FinTech is becoming increasingly popular, particularly among businesses. It entails automating the delivery and utilisation of financial services in order to streamline financial operations. From raising money for a start-up, depositing a cheque with the smartphone, online banking, to managing investments – FinTech is expanding at an incredible rate. Similarly, accountants are no longer required to prepare financial statements such as balance sheets and cash flow statements because software can do so in minutes. New Zealand has risen 15 places to number 30 in the Global Fintech Rankings.

As per a FinTech data company report, 2020 was a year in which New Zealand’s financial technology sector expanded globally and financially, capitalising on a surge in demand for technology that improves access to digital finance.

Previous reports indicated that this trend was accelerating, but during the time period covered by this year’s report, diversity among FinTech companies exploded, with 50 new cities and 20 new countries added to the index, indicating that they are home to at least 10 privately-owned FinTech companies.

According to the 2021 Global Fintech Rankings, identifies emerging hubs, FinTech companies and trends. The Index algorithm ranks the fintech ecosystems of more than 264 cities across 83 countries incorporating data from the fintech data company’s own records and collated and verified by its Global Partnership Network, including other investment and fund platforms and 60+ fintech associations globally. The index was first published in 2019 and has seen a huge uptake by the fintech industry.

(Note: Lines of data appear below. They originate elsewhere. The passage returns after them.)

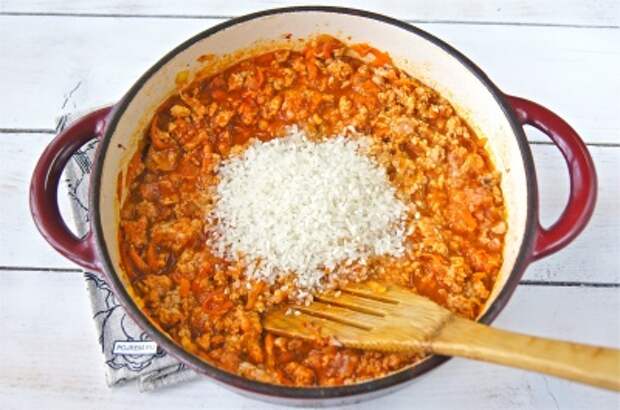 Добавить рис, перемешать и влить 1,5 стакана воды, прикрыть крышкой и тушить на слабом огне минут 20-25.
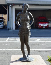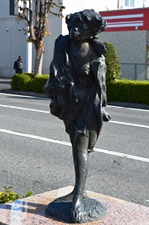 東和銀行渋川支店の前に「出番を待つ踊り子」の像があった。
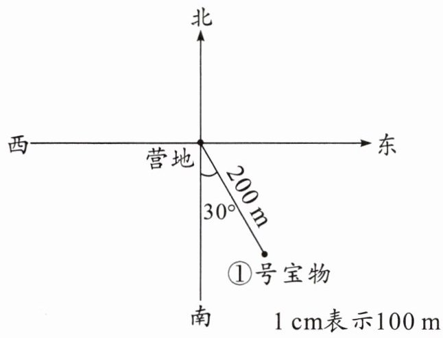 ②号宝物在营地北偏东45°的方向上,距离营地150 m;
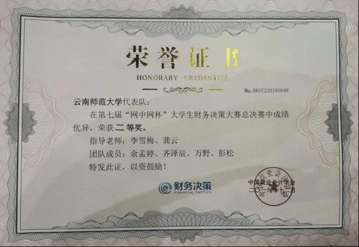 “网中网杯”大学生财务决策大赛自2012年启动至今,已连续成功举办七届,累计参赛院校数超过1000所,累计参赛人数超80000人次,是目前财会专业具有较大影响力的全国性赛事之一。2019年7月,由中国高等教育学会高等财经教育分会指导,中国商业会计学会主办的第七届“网中网杯”大学生财务决策大赛正式启动,共吸引了全国六大赛区、300所高校参与其中。历经四个多月的选拔,最终共有51支参赛代表队脱颖而出,进军全国总决赛。我校代表队以云南省第一名西区一等奖第一次获得参加国赛资格。
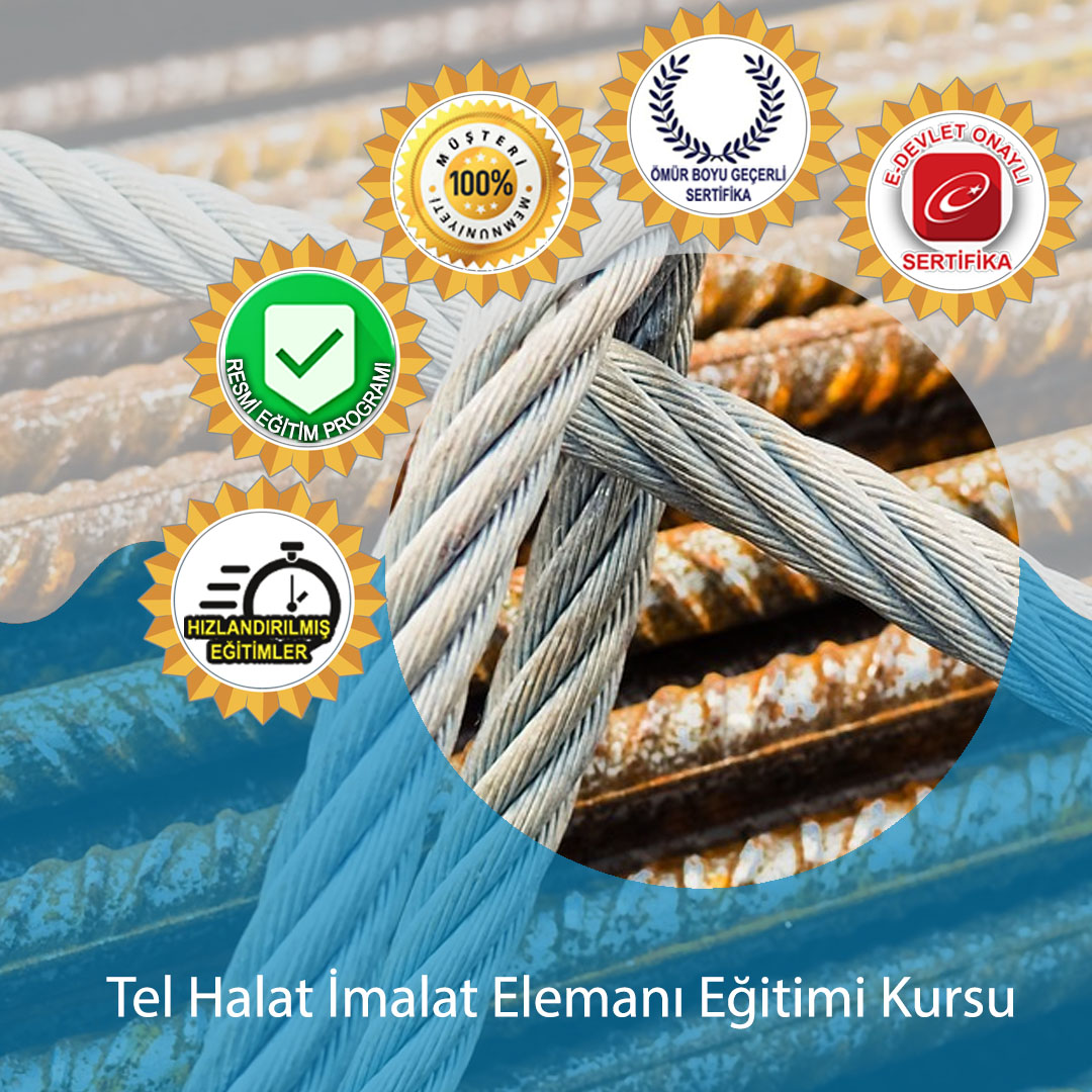 Tel Halat İmalat Elemanı Eğitimi Programı bireyleri bu alanda yeterli hale getirmeyi amaçlamaktadır Tel Halat İmalat Elemanı eğitimi kursumuzun içeriği, Tel Halat İmalat Elemanı eğitimi kursumuzun süresi ve kursumuz sonunda alacağınız Üniversite ve E devlet Onaylı Sertifikanın geçerliliği hakkında temel bilgiyi buradan edinebilirsiniz.

“New Zealand has performed remarkably well in this year’s Global Fintech Rankings, shooting up 15 places in the global rankings to now sit at number 30 worldwide,” says general manager A/NZ of a cloud banking platform.

“New Zealand is clearly punching above its weight in terms of fintech innovation, and these results show us that the COVID-19 pandemic didn’t hamper the industry in any way in fact it has accelerated the acceptance and adoption of digital banking technologies across the board,” he then added.

New Zealand’s FinTech ecosystem is thriving, and companies are currently looking forward to seeing how the country’s innovative fintech players continue to disrupt traditional financial services.

The open banking service, which launched the first application programming interface (API) standards tied to account data and payment initiations, is basically the reason for New Zealand’s expanding FinTech ecosystem. The move comes after a pilot launched last year involving several stakeholders in the industry. The overarching approach has been to bring API standards to bear so that financial firms can speed the time it takes to bring new products and services to market.

The overarching approach has been to bring API standards to bear so that financial firms can speed the time it takes to bring new products and services to market.

The Chief Executive of the programming company said, “These open payments-related standards will be used as an important building block for new innovation, which can benefit all Kiwis. It is mentioned that open banking is expected to boost New Zealand’s financial technology sector. The government is keeping a close eye on its progress, claiming that COVID-19 has slowed its development. However, the pandemic may open new opportunities for the expanding sector.

With more FinTech companies being founded in a greater range of locales, from sub-Saharan Africa to the digital currency launched in the Bahamas, the needs of specific populations are being served by people from those areas. In total, of the 83 countries in the rankings this year, more than 20% are new entrants. In short, emerging markets and digitally savvy but underbanked populations continue to be sources of FinTech innovation.

Businesses, on the other hand, are investing in FinTech software to ensure efficient financial management. Similarly, they use economic forecasts to make financing and investment decisions.